Fade again. Doc is cradling a bandaged bunny, Bill declares they've done it. Now, the next step. Bill says he's not interested in reproducing rabbits; that happens naturally. (Glad he mentioned that. Talk about bringing coals to Newcastle.) But what he does intend to do with it, well, he knows that Doc already knows. And Doc says he won't help.
A week later, Lena comes back to town. Robin had to stay in London. She tells Bill that he's needed there, too. Bill plays with a bunny while telling her that he's got something else to do. They go for a walk while he explains. Doc watches them leave and tells us that the concept of this conversation deeply troubled him. (Y'know, for a guy like Doc who's probably seen it all twice -- and double that nowadays -- he sure does get bothered easily.)
Bill finally tells Lena how he has felt about her. He thought she picked Robin way back when the boys were dueling with wooden swords. She says she didn't know how she felt until Robin proposed. (Obviously, she'd given a lot of thought to her decision.) Then Bill announces that he now has a way to make another Lena.
Later, Lena talks to Doc about this. He tells her there'd be no danger. Everything, including memory, would be duplicated. Lena figures it'd be like having a twin sister, but declares this has gotten too weird for her. Doc says everyone can be happy if this works, but it's for her to decide.
At the lab, Bill paces around for a while. Then he paces around. He stops, and paces around. Then for a change of pace, he paces around, but only for a while. Lena and Doc enter. She looks at Bill. He knows her decision.
Go to a montage of shots of reworking the lab. They put in bigger display cases. A new console. A big neon flashtube with lots of bends in it. (We don't know what that's for, but, well, this is science (!).) Bigger autojector.
Finally, they put Lena in a coffin sized display case. (Yo, Prince Charming! Wake this with a kiss!) Bill goes through the motion of turning things on, but now they have a shot clock and a whirling circle thing that does whatever. (Oh, yeah. It does science (!).) Bill hooks up that cable inside a glove box again. (All those improvements and they didn't get a huge blade switch. Maybe they had one on back order from the Mad Science Catalogue.) "Full power!"
(Activity time: What do you suppose would've happened if a fly was in the display case with Lena?)
Doc helps Lena out of the display case. Bill takes caries Lena II over to a dentist's chair. (No, you joker, he doesn't ask, "Is it safe?") He puts the autojector headphone contraption on her head. Two spikes go into the back of her neck. (We don't see the spikes going in, but the music highlights the implied impalement.) Bill manipulates a few controls. Fluid surges in tubes and an ammeter occasionally jumps off the scale. After some time, there's a heartbeat. He takes the headset off her and puts a gauze pad where the spikes went. (Heh, not too messy. We would've figured she'd be shooting blood all over the place.) After he bandages the back of her neck, Lena II opens her eyes.
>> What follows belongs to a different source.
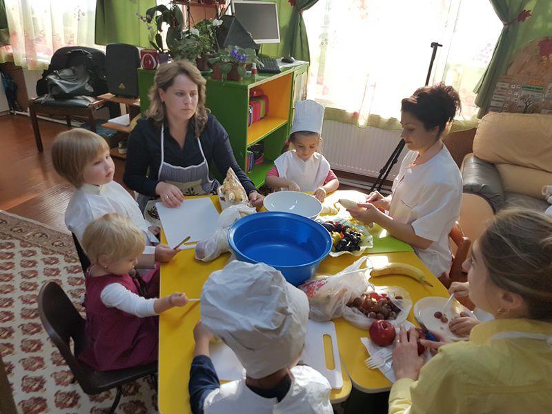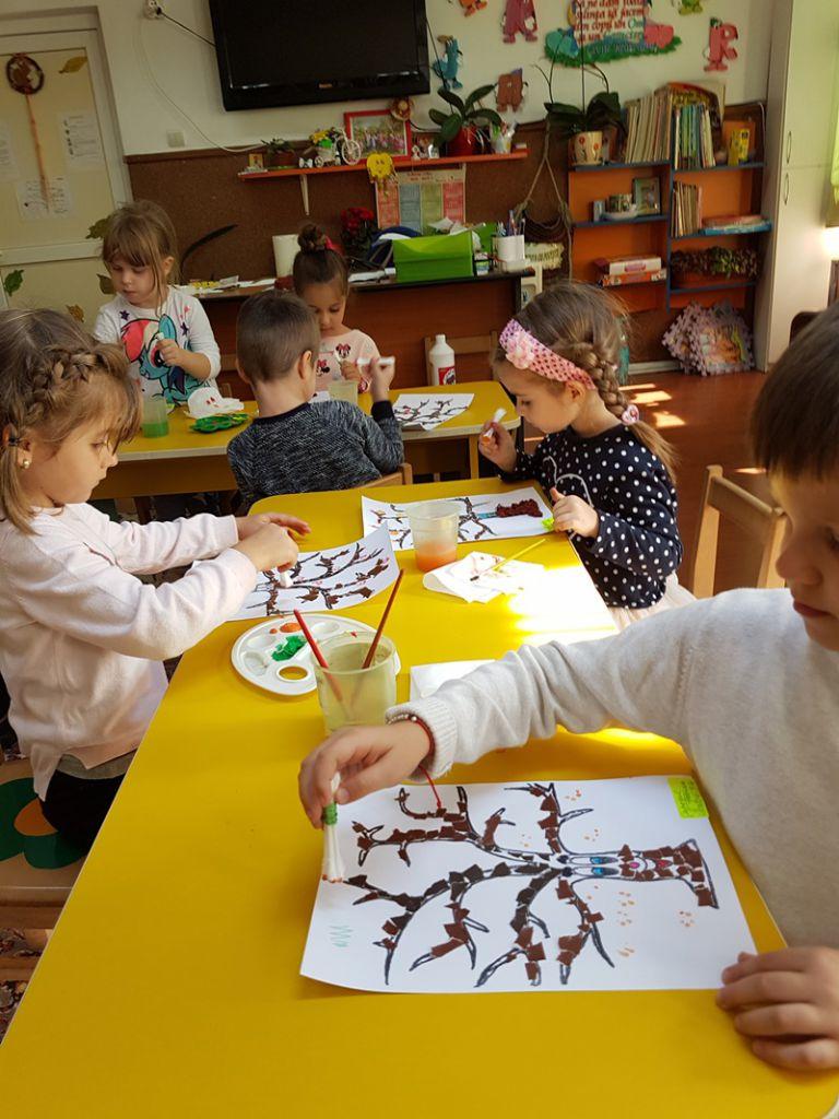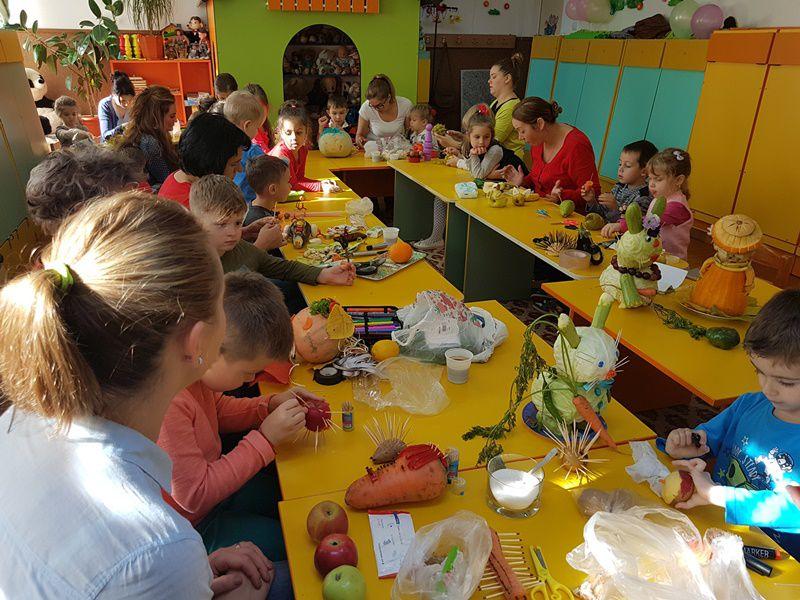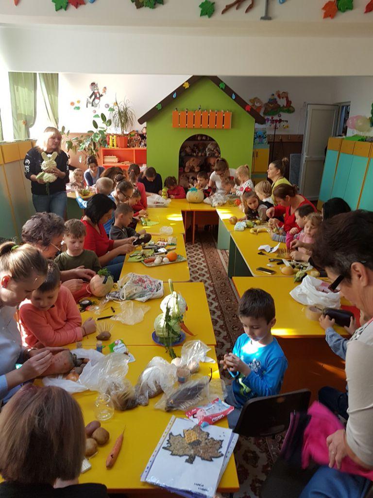 De la începutul acesteia copiii, au admirat paleta culorilor printr-o drumeție în pădurea Sendriceni, au simțit aroma fructelor de toamnă, vizitând livada din aceeași localitate sub directa îndrumare a domnului administrator Nicu Vasilică, au vizionat materiale PPT, cu imagini despre frumosul anotimp, au învățat poezii și cântece, au realizat chipul toamnei și bogățiile acestia prin creații plastice și practice. Împreună cu părinții au făcut salata de fructe, au realizat figurine hazlii din fructe si legume, au umplut coșurile Zânei, cu fructe și legume pe care le-au donat unor bătrânei din orașcu situație materială precară.
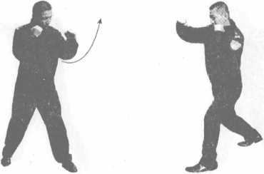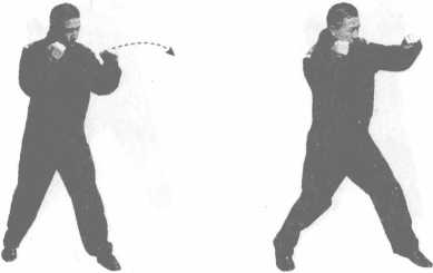 以右格斗式势为例(图18),左手的平勾拳即是前手的平勾拳。拳背朝上,拳面内扣肘臂其角大约呈90。左右利用身体腰部突然转向的力量身体重心移到右脚并略向右侧转体30。左右左脚跟外转左腿、左髓向左蹬转力达拳面。右拳保护好下颌、目视对方快打快收(图19)主要攻击对方头部侧面。

Outside, Doc and Lena pass by a window. Doc sees Lena II sitting
up. He asks Lena if she wants to go inside. She doesn't dare.
(Maybe she just doesn't like talking to herself.) But she does want
to look. And after looking, she doesn't know what to
say. (OK, maybe now she'll start talking to herself.)
Montage. Bill calls Lena II "Helen." Doc tells us about the occasional social mistake he makes around Helen, sometimes calling her Lena, and forgetting she has the same memories as Lena up to the point of duplication. Bill takes Helen on holiday. Doc tells us that he still has his misgivings, but he doesn't know why.
And the montage goes on holiday. Bill and Helen frolic on the beach. They're a cute couple. But Helen seems distracted. Ten days pass. Bill tries to strike up a conversation. Helen doesn't say much. She observes that she's still wearing her previous wedding ring. Bill says its a part of her until he gives her his. (Uh, sure.)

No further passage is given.